Fontes: cálculos do autor a partir de dados brutos da OCDE, Eurostat e Thomson Reuters.
Tem havido recuperação notável no que se refere ao investimento e às publicações. Mas em relação à produção de patentes os valores são de tal forma reduzidos que se impõem medidas que possam inverter a situação, nomeadamente:
- O aumento substancial das despesas públicas com I & D;
- O aumento da proporção do financiamento público da investigação no sector privado(1);
- A dotação pública de um verdadeiro fundo de capital de risco;
- A concentração das instituições públicas de investigação em grandes centros a articular com as grandes empresas(2).
- A inclusão da produção de patentes e das actividades empresariais nos factores de promoção na carreira docente do ensino superior e dos investigadores.
- A reconstituição dos órgãos técnicos e científicos do Estado.
Tendo em atenção a fraca presença de grandes empresas e o insucesso da experiência do sector privado na área da investigação, o investimento massivo de investimento público impõe-se.
Se optássemos por investir o valor dos encargos públicos que a alta velocidade ferroviária vai trazer anualmente às contas públicas – cerca de 1,5 % do PIB – poderíamos a partir de 2015 ter uma proporção do PIB afecto á ciência e investigação da ordem dos 3%. Trata-se de um valor próximo do verificado nos países mais avançados.

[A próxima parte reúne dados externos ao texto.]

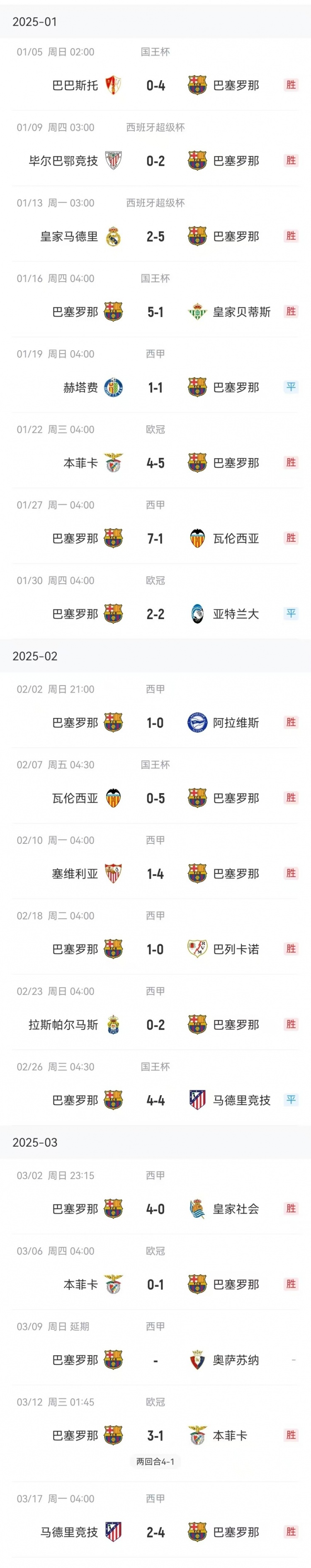 數(shù)據(jù)統(tǒng)計顯示,自去年年底2連敗之后,巴薩進(jìn)入2025年后各項賽事18場不敗。

Se ao mesmo tempo esta realocação do investimento fosse acompanhada das apropriadas mediadas de organização(3) e de incentivo aos agentes poderíamos talvez deixar de nos envergonharmos com os fracos resultados do nosso aparelho de ciência e tecnologia .
(1) A proporção de I & D privada financiada pelo Estado tem vindo a diminuir: passou de 9,5% em 1997 a 4,2% em 2007.
(2) Apesar da formidável taxa deformação de doutores estes, são em grande proporção contratados pelo sector público, em especial em actividades de docência. Em Portugal, em 2006, cerca de 94% dos doutores trabalhavam no ensino superior e no Estado, contra, por exemplo, 55% na Bélgica e 42% na Áustria. A proporção de I & D privada financiada pelo Estado passou de 9,5% em 1997 a 4,2% em 2007.
(3) Entre estas deveria ter um papel central a reconstituição dos órgãos técnicos e científicos do Estado o que permitiria enormes poupanças dos gastos externos em estudos que caberia, em grande parte, produzir internamente.